What the three cities shared was their relationship to one specific piece of land. Each lay on the border of the Western Territory. Fallen Dragon Ridge — just south of it. Redwater City — just east. Impassable Castle — just north. Three points around a center. Three positions from which a delegation could observe, wait, or approach without appearing to.

Was I the actual target?

The thought arrived with the quiet certainty of a calculation completing.


The interrogation continued until evening, question after question, each answer logged and set beside the ones before it. When Roland finally stood to leave, he noticed that Campus had not moved from his position against the wall — had not begged, had not bargained, had not descended into cursing. He sat as still as a man who had already made his peace.

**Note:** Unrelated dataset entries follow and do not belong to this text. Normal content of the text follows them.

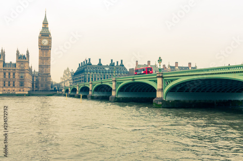 Fototapeta premium A view of Westminster Bridge and the Houses of Parliamentfrom the south bank of the River Thames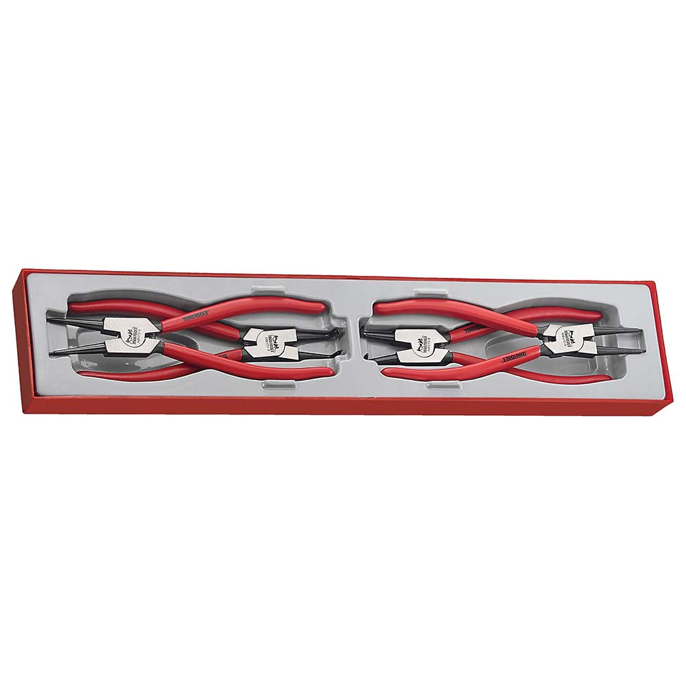 • Set consisting of 4 circlip pliers (2 straight tip and 2bent tip pliers for internal and external circlips).• Fitted with return spring.• Supplied in a plastic TC tray with removable lid.• Fits in Teng Tools tool boxes and roller cabinets.
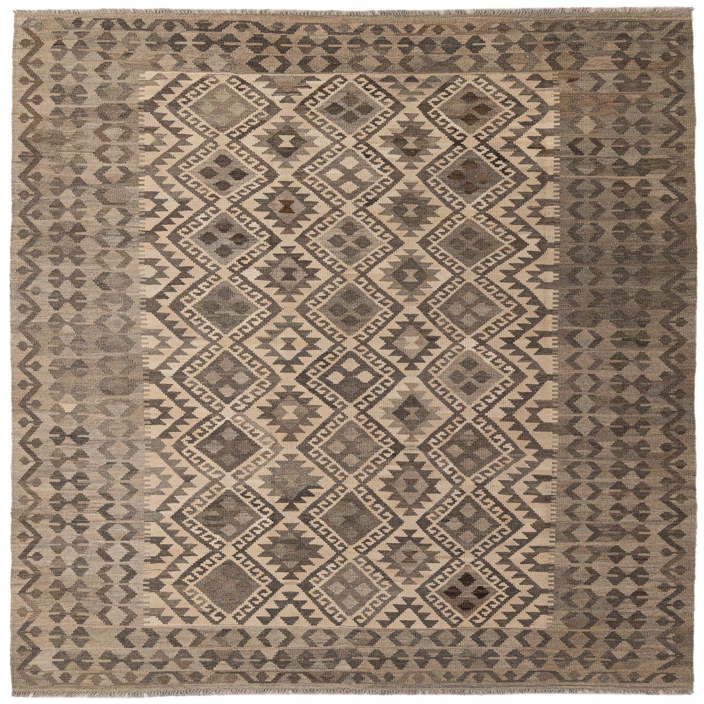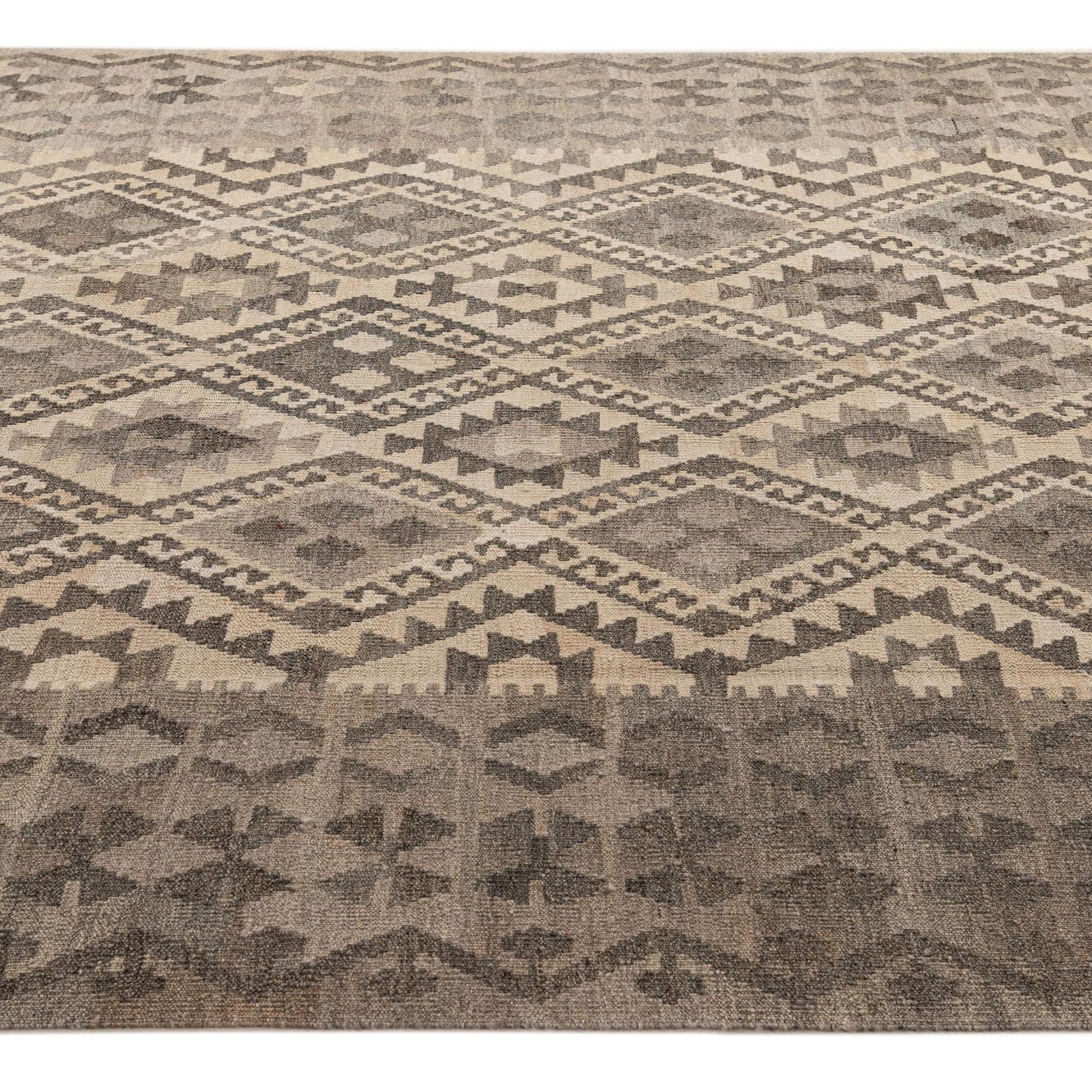 A 7x10 rectangular Kilim Maymana rug featuring a tribal geometric pattern in shades of ivory, cream, and brown.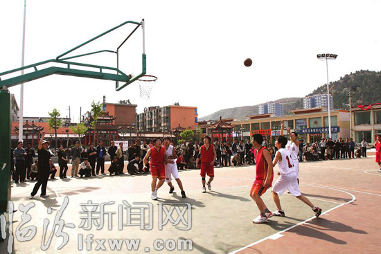 4月28日,蒲县举办了“迎五一”职工运动会。 篮球、乒乓球、象棋等丰富多彩的比赛项目,活跃了广大职工的文体生活。图为该县开展篮球比赛时的情景。 冯挺摄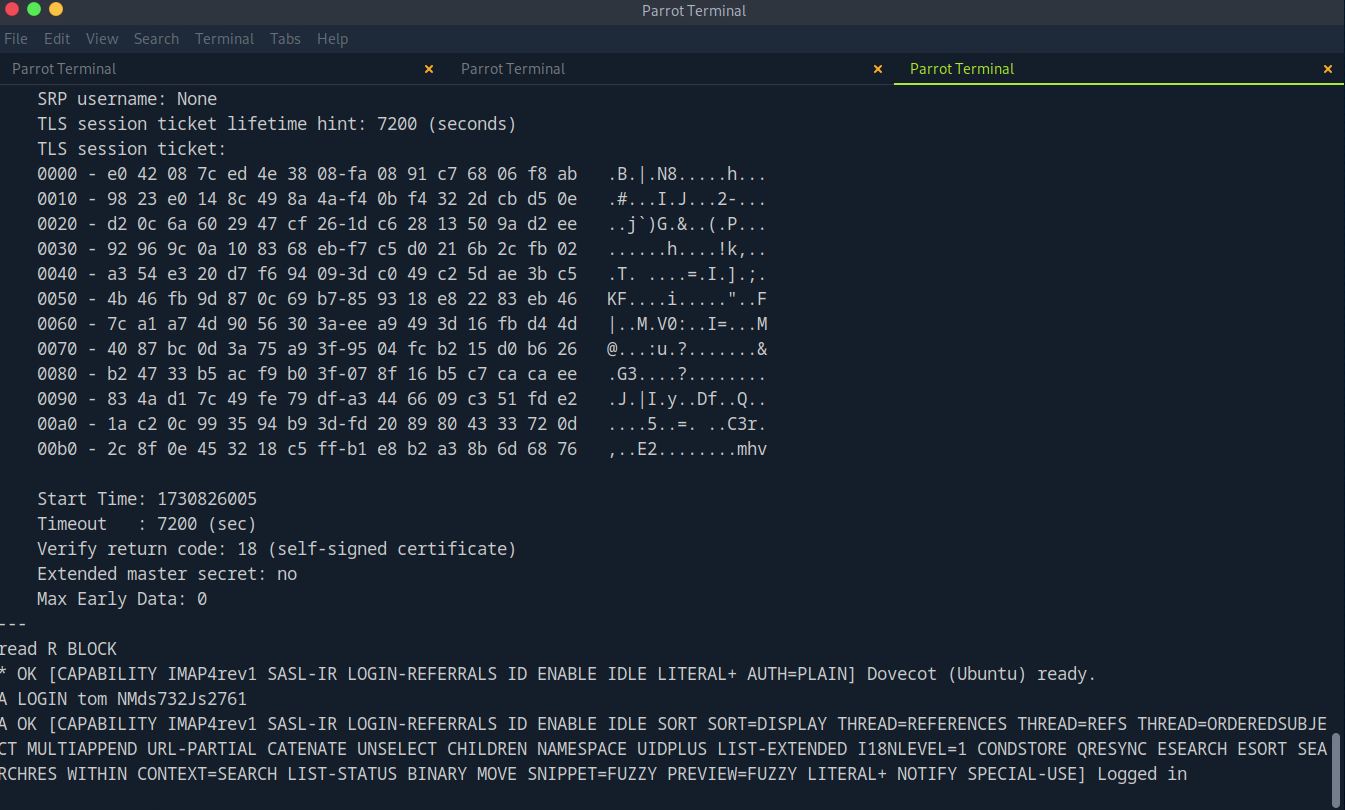Looks like Tom’s new password may have been logged and exposed here. Let’s go back to our IMAP/POP3 and try to get access.

“Aren’t you going to ask what I intend to do with you?”

Campus did not open his eyes. “You tortured me until I confessed everything.” A pause. “God will bear witness. God is my final judge, not you. What you do with this body doesn’t matter.”

Iron Axe stepped forward. “Your Highness, give me one more night with him. I’ll adjust his thinking.”

“That won’t be necessary.” Roland looked at the Priest one moment longer. The man’s faith was genuine, at least — a genuine faith in something that had systematically lied to him. There was a kind of dignity in it, and a kind of tragedy. “He’s already told us everything he knows.”

He turned toward the stairs.

“You’ll be judged,” he said, without looking back, “not by God. By the people.”